Not having a steady job forced us to get very creative with what money we did have. It’s one thing to say that you’ve prepped for a year without a job and feel reasonably confident that you can do it. It’s an entirely different ball game to actually jump in an do it. We felt pretty good going in, knowing we had a cushion of savings and some mad skills in resourcefulness. But…we soon realized we were way, way out of our league!

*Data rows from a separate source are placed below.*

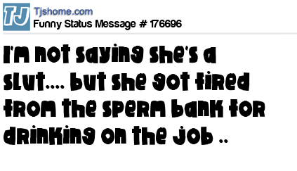X says I'm not saying she's a slut.... but she got fired from the sperm bank for drinking on the job ..
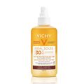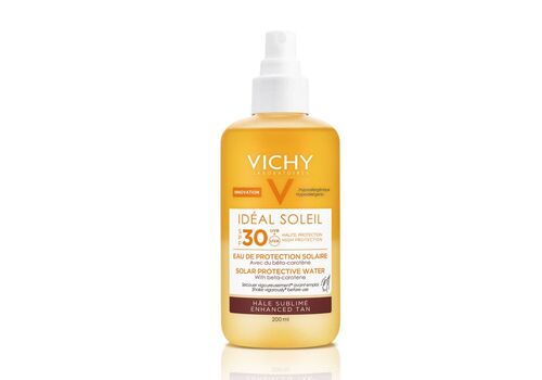 Το αντηλιακό νερό προστασίας Vichy Ideal Soleil Eau de Protection Solaire Hale Sublime SPF30 με βήτα καροτίνη, παρέχει μια αίσθηση φρεσκάδαςσε κάθε εφαρμογή, εξασφαλίζοντας παράλληλα υψηλή αντηλιακή προστασία και ασφαλές μαύρισμα.
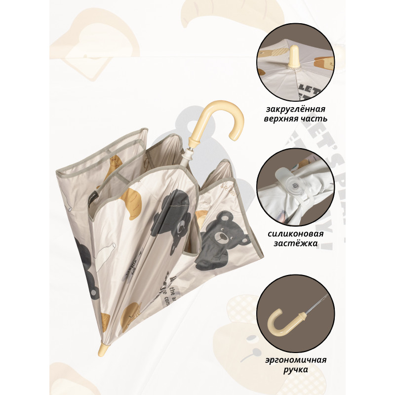 Зонт оснащен прочными спицами. Это делает его использование максимально безопасным, так как закругленные края предотвращают возможность травмирования. Ни одна спица не выглядывает из-под полотна, каждая из них спрятана в защитный карман – это особенно важно для безопасности вашего ребенка.
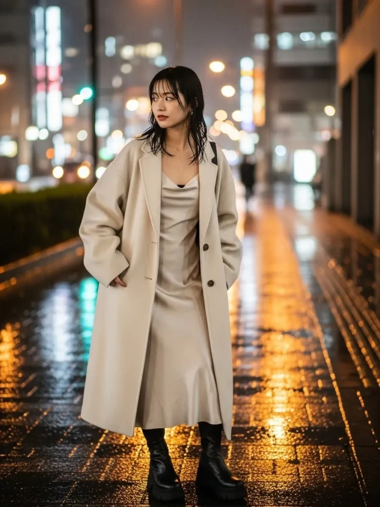 A soft cream slip dress layered under a long matching coat creates a smooth and elegant silhouette.
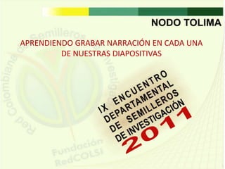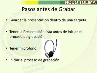 Este documento proporciona instrucciones para grabar narraciones en diapositivas de PowerPoint. Primero, se debe guardar la presentación en una carpeta y tenerla lista antes de grabar, así como un micrófono conectado. Luego, en la diapositiva que se desea grabar, se debe ir al menú Presentación con diapositivas, seleccionar Grabar narración y hacer clic en Aceptar. Finalmente, se graba hablado por el micrófono y al terminar se presiona ESC y se guarda la grabación.
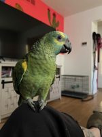 Crosby is still a baby, but a big baby and a fantastic flyer. She talks- hi, hello, what, huh, where are you, why. She is very friendly and clingy. She has recall training and comes to her name- she got lost when a cold wind startled her which caused her to fly off my shoulder. As she was looping around to fly back to me, vultures started chasing her- I lost her in the darkness.
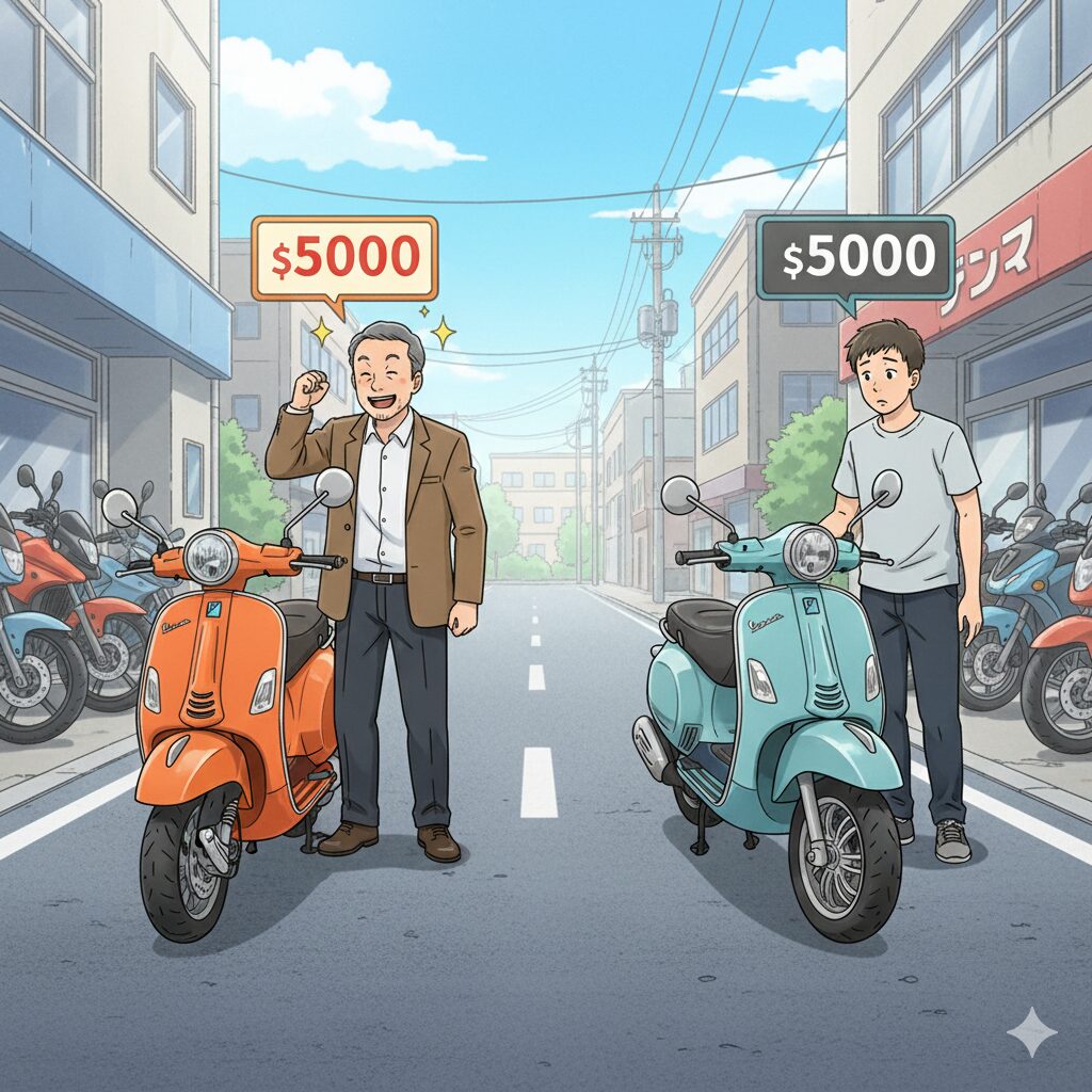 ベスパの場合、そのブランド力と鉄ボディの耐久性、そして世界的なマニアの存在により、中古市場でも価格が落ちにくく、限定モデルなどは購入価格を上回るプレミアが付くことさえあります。
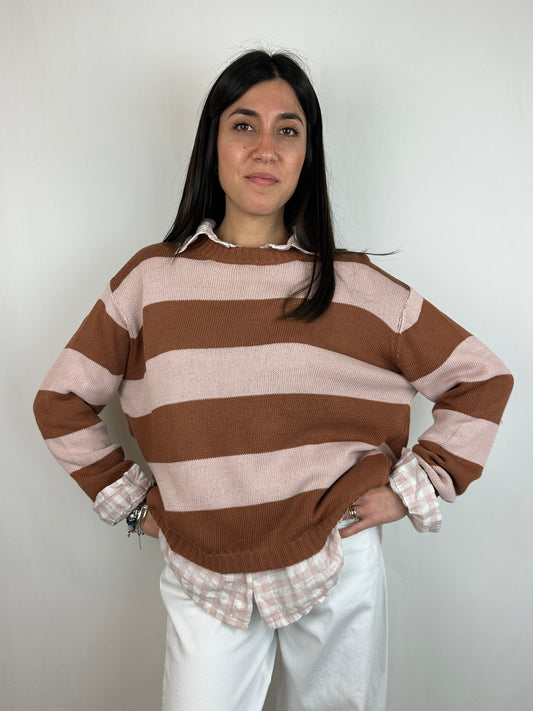 MAGLIONCINO RIGHE ROSA|MARRONE COTONE
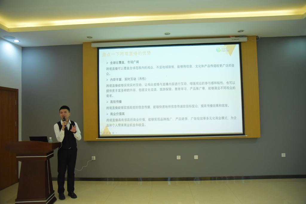 随后,主讲人聂威老师全面深入地从跨境直播、行业资讯、自我评估及未来发展等四个方面展开“跨境启新篇,直播引新潮”为主题的跨境直播专题讲座。聂老师首先讲述了直播行业的发展历程,引导学生们思考了跨境电商与传统外贸的区别;他从行业角度出发,分享了跨境电商直播的相关数据,鼓励学生们提高数据分析能力和复盘能力;然后,聂老师从自我评估方面对学生们提出了四点展望,希望学生们从听说读写四方面提升自己、增强核心竞争力;最后,聂老师从个人未来发展角度给同学们提出了建议,指引了学生未来的职业发展方向。
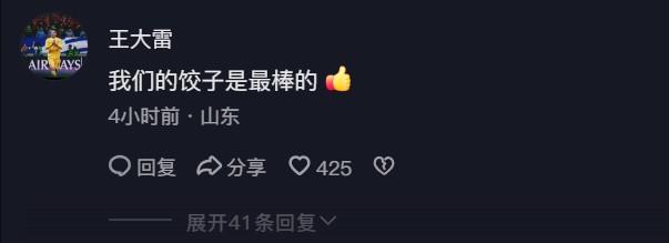 在评论区,大多数球迷都对她表达了支持,其中王大雷也在下面留言道:“我们的饺子是最棒的。”
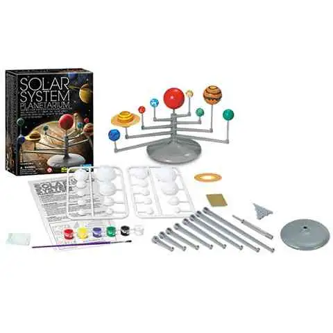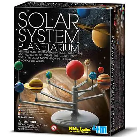 Unter den zahlreichen wissenschaftlichen Spielen von 4M ist das Planetarium des Sonnensystems vielleicht das auffälligste, denn es enthält ein 30 cm großes Sonnensystem, das du selbst zusammenbauen kannst und das sogar im Dunkeln leuchtet. Zuerst musst du den drehbaren Ständer zusammenbauen, dann die weißen Planeten-Elemente, und vergiss nicht, die Ringe beim Saturn anzubringen. Danach musst du nur noch die Planeten anmalen und an ihren Platz setzen. Im Set findest du auch fluoreszierende Farbe, mit der du deinen Lieblingsplaneten bemalen kannst, damit er im Dunkeln leuchtet.
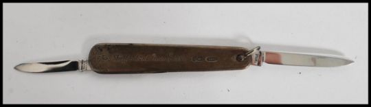 A silver hallmarked pocket fruit knife by George Ibberson & Co, Sheffield 1951. The knife with signature and notation either side. Total weight 29.6g
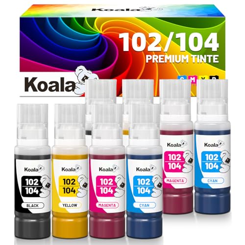 Koala 102 104 bläck kompatibel med Epson 102/104 bläckpatroner för ET-2710 ET-2720 ET-2750 ET-2810 ET-2820 ET-2850 ET-3700 ET-3750 ET-3850 ET-4700 ET-4750 ET-4800 ET-4850 (8 x 70 ml)

When I had a ‘real’ job, we could face financial challenges by using our savings because we knew our income was higher than our bills and that money could be replaced at some point. When there is no job, unexpected bills take on a whole new meaning and I can honestly say, we were wholly unprepared for the onslaught of bills we experienced this year (ER bills, emergency dentist bills, vet bills, car repairs, moving expenses, you name it!) In the end, we exhausted all but $596 of our general savings and thankfully, never touched of our investments.

So what does the future hold now?

Yesterday, I started a permanent freelance job in editing. I applied back in February but due to COVID, the contract was put on hold. I’m very excited about the opportunity because 1) I still won’t be anyone’s employee, 2) It is so flexible that I can do it from anywhere and at any time of the day or night, and 3) It is the only job I will have to do to pay the bills. Of course, I still plan on doing a few side hustles, like grant writing, but it’s good to know I don’t have to. After a year of spending countless hours looking for gigs and running all over the state doing gigs, I’m just happy to have a new focus and some much needed free time. (Now, let’s just hope this job is worth the 6 months I waited for it!)